DESCRIPTION OF THE TASK: Print all the records below, word for word and in full.

::::

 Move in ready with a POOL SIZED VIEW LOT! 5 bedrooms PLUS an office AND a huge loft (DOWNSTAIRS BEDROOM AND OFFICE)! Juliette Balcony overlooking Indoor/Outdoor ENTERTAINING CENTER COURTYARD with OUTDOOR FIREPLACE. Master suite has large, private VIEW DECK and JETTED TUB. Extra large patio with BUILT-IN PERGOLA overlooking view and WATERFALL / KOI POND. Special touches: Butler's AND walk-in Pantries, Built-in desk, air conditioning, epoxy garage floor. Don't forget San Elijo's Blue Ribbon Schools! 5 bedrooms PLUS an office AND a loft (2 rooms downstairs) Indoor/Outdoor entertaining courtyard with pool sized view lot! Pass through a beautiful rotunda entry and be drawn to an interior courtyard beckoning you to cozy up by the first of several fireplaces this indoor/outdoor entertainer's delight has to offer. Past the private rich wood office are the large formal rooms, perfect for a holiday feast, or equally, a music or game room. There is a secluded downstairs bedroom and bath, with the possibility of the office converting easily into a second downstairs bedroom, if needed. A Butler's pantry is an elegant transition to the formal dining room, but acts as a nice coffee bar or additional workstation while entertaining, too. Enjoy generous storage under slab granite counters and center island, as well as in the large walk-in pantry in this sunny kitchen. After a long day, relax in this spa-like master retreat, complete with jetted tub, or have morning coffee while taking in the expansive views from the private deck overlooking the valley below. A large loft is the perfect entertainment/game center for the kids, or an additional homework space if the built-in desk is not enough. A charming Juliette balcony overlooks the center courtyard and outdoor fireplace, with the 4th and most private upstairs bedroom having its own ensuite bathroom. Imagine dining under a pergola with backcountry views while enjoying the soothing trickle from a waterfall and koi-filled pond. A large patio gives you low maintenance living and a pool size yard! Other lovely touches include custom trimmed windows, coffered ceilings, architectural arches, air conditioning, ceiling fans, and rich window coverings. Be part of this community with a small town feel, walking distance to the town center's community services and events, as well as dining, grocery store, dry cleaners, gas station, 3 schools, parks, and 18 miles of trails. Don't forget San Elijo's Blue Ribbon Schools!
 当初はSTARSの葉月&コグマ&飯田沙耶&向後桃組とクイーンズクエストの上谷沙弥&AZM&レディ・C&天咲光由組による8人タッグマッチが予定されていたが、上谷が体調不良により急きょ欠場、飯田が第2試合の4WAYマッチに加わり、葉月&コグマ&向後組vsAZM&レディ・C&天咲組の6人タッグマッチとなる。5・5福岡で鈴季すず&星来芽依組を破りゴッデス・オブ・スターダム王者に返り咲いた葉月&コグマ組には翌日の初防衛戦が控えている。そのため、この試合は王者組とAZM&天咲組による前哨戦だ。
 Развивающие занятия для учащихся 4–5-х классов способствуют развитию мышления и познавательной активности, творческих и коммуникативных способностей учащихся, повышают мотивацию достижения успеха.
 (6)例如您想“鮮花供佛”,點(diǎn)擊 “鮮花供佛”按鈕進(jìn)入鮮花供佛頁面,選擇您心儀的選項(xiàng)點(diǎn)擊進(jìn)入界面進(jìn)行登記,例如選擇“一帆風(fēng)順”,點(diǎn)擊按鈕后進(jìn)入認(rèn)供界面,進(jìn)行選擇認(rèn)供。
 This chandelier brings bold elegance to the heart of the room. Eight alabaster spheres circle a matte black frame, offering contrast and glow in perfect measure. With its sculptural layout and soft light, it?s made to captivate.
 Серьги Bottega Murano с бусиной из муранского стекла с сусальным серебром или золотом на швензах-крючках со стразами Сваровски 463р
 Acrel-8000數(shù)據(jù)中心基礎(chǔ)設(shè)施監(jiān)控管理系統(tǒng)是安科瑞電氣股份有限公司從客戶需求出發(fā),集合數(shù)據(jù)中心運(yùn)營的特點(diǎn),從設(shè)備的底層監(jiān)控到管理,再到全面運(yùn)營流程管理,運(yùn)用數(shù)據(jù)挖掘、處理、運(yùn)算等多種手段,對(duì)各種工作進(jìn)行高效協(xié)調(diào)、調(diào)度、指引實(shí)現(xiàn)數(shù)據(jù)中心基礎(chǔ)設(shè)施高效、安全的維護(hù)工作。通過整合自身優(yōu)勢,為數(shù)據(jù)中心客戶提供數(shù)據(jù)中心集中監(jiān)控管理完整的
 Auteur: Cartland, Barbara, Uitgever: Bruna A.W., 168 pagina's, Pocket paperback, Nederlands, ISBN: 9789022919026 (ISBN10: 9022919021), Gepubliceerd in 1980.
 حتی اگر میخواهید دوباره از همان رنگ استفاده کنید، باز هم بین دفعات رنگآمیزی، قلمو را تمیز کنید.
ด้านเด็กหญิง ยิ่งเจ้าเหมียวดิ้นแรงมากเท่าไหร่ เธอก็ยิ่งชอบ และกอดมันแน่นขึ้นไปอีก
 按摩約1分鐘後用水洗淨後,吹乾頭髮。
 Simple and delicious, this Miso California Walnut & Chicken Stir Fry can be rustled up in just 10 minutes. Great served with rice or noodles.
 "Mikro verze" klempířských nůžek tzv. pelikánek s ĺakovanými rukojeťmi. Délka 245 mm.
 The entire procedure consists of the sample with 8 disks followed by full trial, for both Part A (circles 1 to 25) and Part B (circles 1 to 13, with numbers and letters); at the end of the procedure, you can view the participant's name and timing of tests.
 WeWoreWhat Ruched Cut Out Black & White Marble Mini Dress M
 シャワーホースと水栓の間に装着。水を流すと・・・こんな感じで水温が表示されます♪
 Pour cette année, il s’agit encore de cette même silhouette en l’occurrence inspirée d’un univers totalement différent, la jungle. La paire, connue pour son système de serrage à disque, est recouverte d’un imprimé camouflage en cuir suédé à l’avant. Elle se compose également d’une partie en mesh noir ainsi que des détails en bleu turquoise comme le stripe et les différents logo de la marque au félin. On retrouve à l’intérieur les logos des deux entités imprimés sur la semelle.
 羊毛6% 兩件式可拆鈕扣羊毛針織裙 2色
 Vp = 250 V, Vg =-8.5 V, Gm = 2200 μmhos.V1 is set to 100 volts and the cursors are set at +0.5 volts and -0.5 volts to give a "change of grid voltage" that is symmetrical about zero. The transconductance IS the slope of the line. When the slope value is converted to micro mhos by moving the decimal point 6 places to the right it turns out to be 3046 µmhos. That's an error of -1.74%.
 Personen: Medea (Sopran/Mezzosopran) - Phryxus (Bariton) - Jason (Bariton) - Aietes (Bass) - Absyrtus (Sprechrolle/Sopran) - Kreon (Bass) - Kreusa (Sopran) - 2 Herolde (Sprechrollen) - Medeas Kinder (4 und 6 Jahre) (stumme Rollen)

::::

OUTPUT OF THE EXERCISE:
 Move in ready with a POOL SIZED VIEW LOT! 5 bedrooms PLUS an office AND a huge loft (DOWNSTAIRS BEDROOM AND OFFICE)! Juliette Balcony overlooking Indoor/Outdoor ENTERTAINING CENTER COURTYARD with OUTDOOR FIREPLACE. Master suite has large, private VIEW DECK and JETTED TUB. Extra large patio with BUILT-IN PERGOLA overlooking view and WATERFALL / KOI POND. Special touches: Butler's AND walk-in Pantries, Built-in desk, air conditioning, epoxy garage floor. Don't forget San Elijo's Blue Ribbon Schools! 5 bedrooms PLUS an office AND a loft (2 rooms downstairs) Indoor/Outdoor entertaining courtyard with pool sized view lot! Pass through a beautiful rotunda entry and be drawn to an interior courtyard beckoning you to cozy up by the first of several fireplaces this indoor/outdoor entertainer's delight has to offer. Past the private rich wood office are the large formal rooms, perfect for a holiday feast, or equally, a music or game room. There is a secluded downstairs bedroom and bath, with the possibility of the office converting easily into a second downstairs bedroom, if needed. A Butler's pantry is an elegant transition to the formal dining room, but acts as a nice coffee bar or additional workstation while entertaining, too. Enjoy generous storage under slab granite counters and center island, as well as in the large walk-in pantry in this sunny kitchen. After a long day, relax in this spa-like master retreat, complete with jetted tub, or have morning coffee while taking in the expansive views from the private deck overlooking the valley below. A large loft is the perfect entertainment/game center for the kids, or an additional homework space if the built-in desk is not enough. A charming Juliette balcony overlooks the center courtyard and outdoor fireplace, with the 4th and most private upstairs bedroom having its own ensuite bathroom. Imagine dining under a pergola with backcountry views while enjoying the soothing trickle from a waterfall and koi-filled pond. A large patio gives you low maintenance living and a pool size yard! Other lovely touches include custom trimmed windows, coffered ceilings, architectural arches, air conditioning, ceiling fans, and rich window coverings. Be part of this community with a small town feel, walking distance to the town center's community services and events, as well as dining, grocery store, dry cleaners, gas station, 3 schools, parks, and 18 miles of trails. Don't forget San Elijo's Blue Ribbon Schools!
 当初はSTARSの葉月&コグマ&飯田沙耶&向後桃組とクイーンズクエストの上谷沙弥&AZM&レディ・C&天咲光由組による8人タッグマッチが予定されていたが、上谷が体調不良により急きょ欠場、飯田が第2試合の4WAYマッチに加わり、葉月&コグマ&向後組vsAZM&レディ・C&天咲組の6人タッグマッチとなる。5・5福岡で鈴季すず&星来芽依組を破りゴッデス・オブ・スターダム王者に返り咲いた葉月&コグマ組には翌日の初防衛戦が控えている。そのため、この試合は王者組とAZM&天咲組による前哨戦だ。
 Развивающие занятия для учащихся 4–5-х классов способствуют развитию мышления и познавательной активности, творческих и коммуникативных способностей учащихся, повышают мотивацию достижения успеха.
 (6)例如您想“鮮花供佛”,點(diǎn)擊 “鮮花供佛”按鈕進(jìn)入鮮花供佛頁面,選擇您心儀的選項(xiàng)點(diǎn)擊進(jìn)入界面進(jìn)行登記,例如選擇“一帆風(fēng)順”,點(diǎn)擊按鈕后進(jìn)入認(rèn)供界面,進(jìn)行選擇認(rèn)供。
 This chandelier brings bold elegance to the heart of the room. Eight alabaster spheres circle a matte black frame, offering contrast and glow in perfect measure. With its sculptural layout and soft light, it?s made to captivate.
 Серьги Bottega Murano с бусиной из муранского стекла с сусальным серебром или золотом на швензах-крючках со стразами Сваровски 463р
 Acrel-8000數(shù)據(jù)中心基礎(chǔ)設(shè)施監(jiān)控管理系統(tǒng)是安科瑞電氣股份有限公司從客戶需求出發(fā),集合數(shù)據(jù)中心運(yùn)營的特點(diǎn),從設(shè)備的底層監(jiān)控到管理,再到全面運(yùn)營流程管理,運(yùn)用數(shù)據(jù)挖掘、處理、運(yùn)算等多種手段,對(duì)各種工作進(jìn)行高效協(xié)調(diào)、調(diào)度、指引實(shí)現(xiàn)數(shù)據(jù)中心基礎(chǔ)設(shè)施高效、安全的維護(hù)工作。通過整合自身優(yōu)勢,為數(shù)據(jù)中心客戶提供數(shù)據(jù)中心集中監(jiān)控管理完整的
 Auteur: Cartland, Barbara, Uitgever: Bruna A.W., 168 pagina's, Pocket paperback, Nederlands, ISBN: 9789022919026 (ISBN10: 9022919021), Gepubliceerd in 1980.
 حتی اگر میخواهید دوباره از همان رنگ استفاده کنید، باز هم بین دفعات رنگآمیزی، قلمو را تمیز کنید.
ด้านเด็กหญิง ยิ่งเจ้าเหมียวดิ้นแรงมากเท่าไหร่ เธอก็ยิ่งชอบ และกอดมันแน่นขึ้นไปอีก
 按摩約1分鐘後用水洗淨後,吹乾頭髮。
 Simple and delicious, this Miso California Walnut & Chicken Stir Fry can be rustled up in just 10 minutes. Great served with rice or noodles.
 "Mikro verze" klempířských nůžek tzv. pelikánek s ĺakovanými rukojeťmi. Délka 245 mm.
 The entire procedure consists of the sample with 8 disks followed by full trial, for both Part A (circles 1 to 25) and Part B (circles 1 to 13, with numbers and letters); at the end of the procedure, you can view the participant's name and timing of tests.
 WeWoreWhat Ruched Cut Out Black & White Marble Mini Dress M
 シャワーホースと水栓の間に装着。水を流すと・・・こんな感じで水温が表示されます♪
 Pour cette année, il s’agit encore de cette même silhouette en l’occurrence inspirée d’un univers totalement différent, la jungle. La paire, connue pour son système de serrage à disque, est recouverte d’un imprimé camouflage en cuir suédé à l’avant. Elle se compose également d’une partie en mesh noir ainsi que des détails en bleu turquoise comme le stripe et les différents logo de la marque au félin. On retrouve à l’intérieur les logos des deux entités imprimés sur la semelle.
 羊毛6% 兩件式可拆鈕扣羊毛針織裙 2色
 Vp = 250 V, Vg =-8.5 V, Gm = 2200 μmhos.V1 is set to 100 volts and the cursors are set at +0.5 volts and -0.5 volts to give a "change of grid voltage" that is symmetrical about zero. The transconductance IS the slope of the line. When the slope value is converted to micro mhos by moving the decimal point 6 places to the right it turns out to be 3046 µmhos. That's an error of -1.74%.
 Personen: Medea (Sopran/Mezzosopran) - Phryxus (Bariton) - Jason (Bariton) - Aietes (Bass) - Absyrtus (Sprechrolle/Sopran) - Kreon (Bass) - Kreusa (Sopran) - 2 Herolde (Sprechrollen) - Medeas Kinder (4 und 6 Jahre) (stumme Rollen)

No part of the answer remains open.